I just wrote the most horrendously huge check last week to put my baby girl in daycare. That’s why it comes as absolutely no surprise to me that this woman who ran an illegal daycare was able to afford a Jaguar and a 7,600-square-foot home with an indoor swimming pool and indoor basketball court.
There’s the traditional plumber’s crack, and then there is exposing your genitals to multiple women while claiming to have burned one’s self (while fixing plumbing?)
Requiring a thumbprint from a non-customer who is trying to cash a check at your bank may sound perfectly reasonable until you encounter someone who has no arms. At which point you might want to consider having alternatives?
A Tampa Bay Rays employee planted a fake bomb at Tropicana Field. As a practical joke. We’ve seen stuff like this before but the stupidity of some people never ceases to astound me.
I have a sort of random fondness for Fritz Coleman, weatherman… but never would I believe that God wants me to harass him.
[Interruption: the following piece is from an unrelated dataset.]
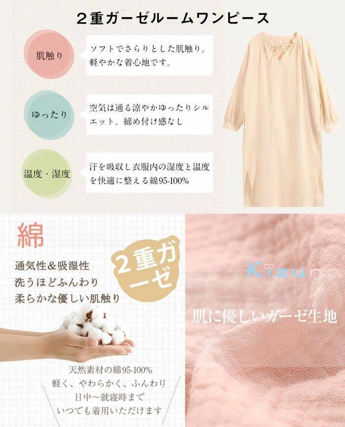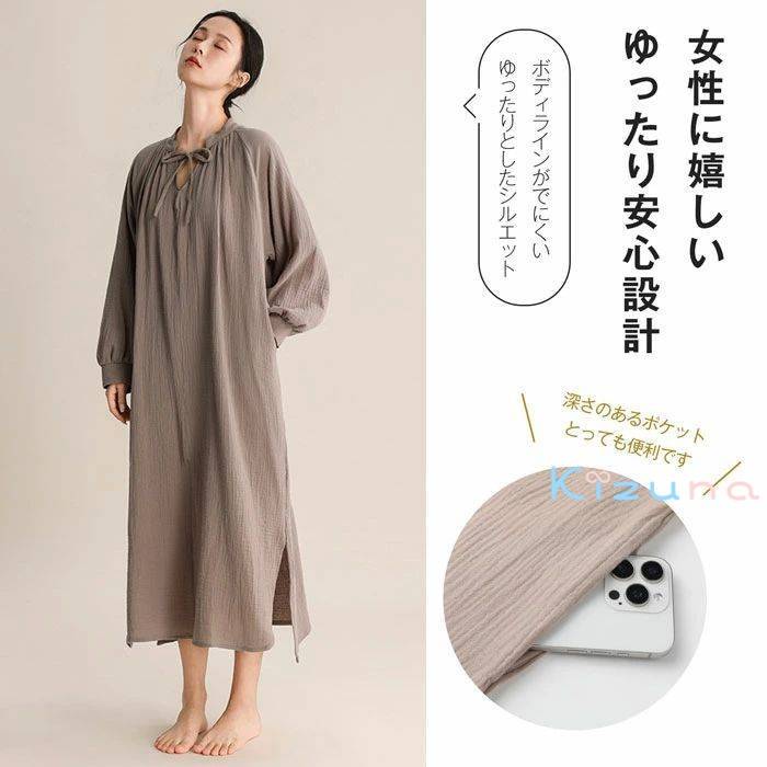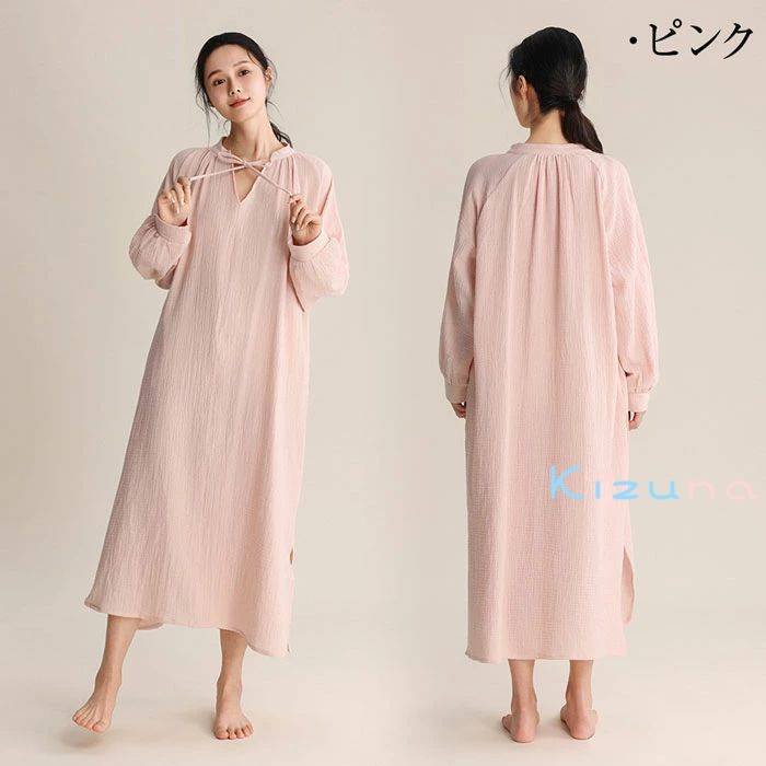 ワンピース ルームウェア 薄手 長袖 レディースファッション 超目玉商品 ブラウン ピンク ベージュ M L

But hey, her book sounds, um, fascinating.
September 7th, 2009 at 11:38 am
That Fritz Coleman story made me feel bad for all weathermen.
September 7th, 2009 at 4:24 pm
Absolutely unbelievable!! But I feel your pain on the daycare front. Isn’t it outrageous? I’m lucky to have a friend who has just started an in-home daycare center for a reasonable rate, but still!!